Texas AD says they will pay 10,000 per player | The Boneyard

Texas AD says they will pay 10,000 per player

Status
Not open for further replies.
Joined
Jun 1, 2013
Messages
154
Reaction Score
246
WASHINGTON — The University of Texas will spend nearly $6 million a year to comply with a string of recent legal rulings requiring colleges to be more generous to their scholarship athletes.

That won’t break the bank, Athletic Director Steve Patterson said Tuesday at a forum on the fast-changing business of college sports. But even rich programs like UT’s will be forced to make tough choices in the future if momentum in the courts continues to push colleges to treat their players like employees or semi-pros, he said.

Chris Plonsky, director for women’s sports at Texas, said the school already employs 350 workers to coach and care for the students who play in Austin. The money for all of those jobs, she said, comes from just two sports, football and men’s basketball.
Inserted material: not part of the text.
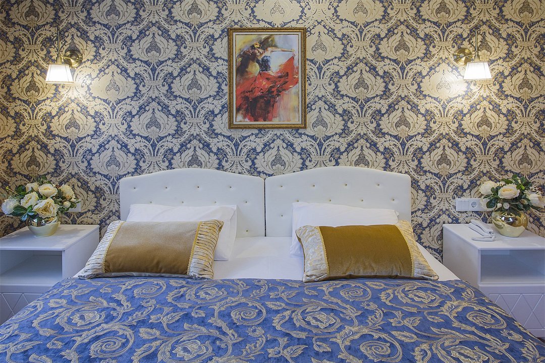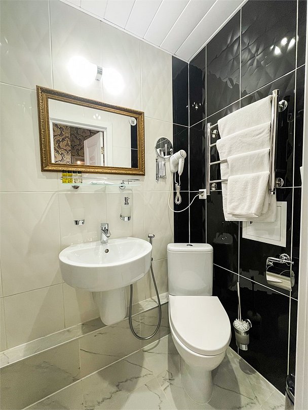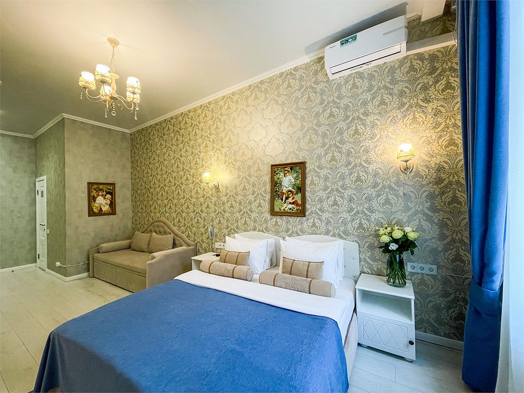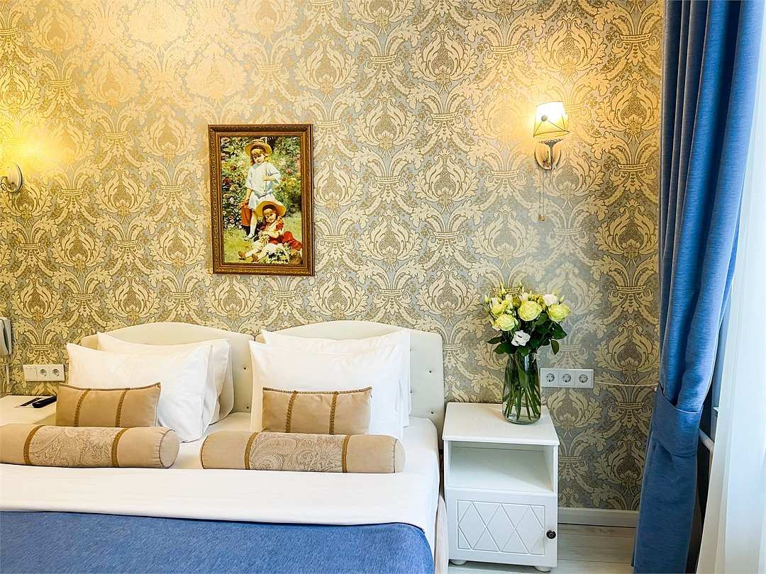 Изысканные номера имеют несколько дизайнерских решений, в оформлении номеров использованы эксклюзивные итальянские обои из лимитированной коллекции. В номере может разместиться до 4-х человек. Во всех номерах есть одна двуспальная или две односпальные кровати. В некоторых номерах дополнительно установлены раскладывающиеся диваны. Идеально подходит под семейное размещение. Площадь номера достаточна для того, чтобы не нарушать личное пространство друг друга. Удобные кровати позволят отлично отдохнуть после насыщенного дня. Все номера для некурящих, оснащены сан. узлом с душем, феном. Во всех комнатах есть телевизор, мини-холодильник, чайная станция, кондиционер Wi-Fi. Гостям предоставляются наборы полотенец, махровые халаты, одноразовые тапочки, фен, индивидуальные косметические принадлежности, две бутылочки питьевой воды. Бритвенные и зубные наборы выдаются бесплатно по запросу.Услуги и удобства

“If we begin to [further] remunerate the participants, that’s going to break that model,” Plonsky said.

Patterson said UT won’t have problems paying the extra $6 million to its players. That money will break down to about $10,000 for each player. The money will cover college expenses that aren’t covered by a traditional full scholarship and give each player $5,000 in compensation for the university’s use of his image.

Colleges will soon be asked to do even more, and they ought to prepare for that, some on the panels argued. Former U.S. Rep. Tom McMillen of Maryland said colleges should brace for profound challenges to their business models in the near future.

“We’re in for a period of dynamic change,” said McMillen, an All-America basketball player for the University of Maryland who also played for the United States in the 1972 Olympics in Munich. “The system has to change. The money needs to be handled differently.”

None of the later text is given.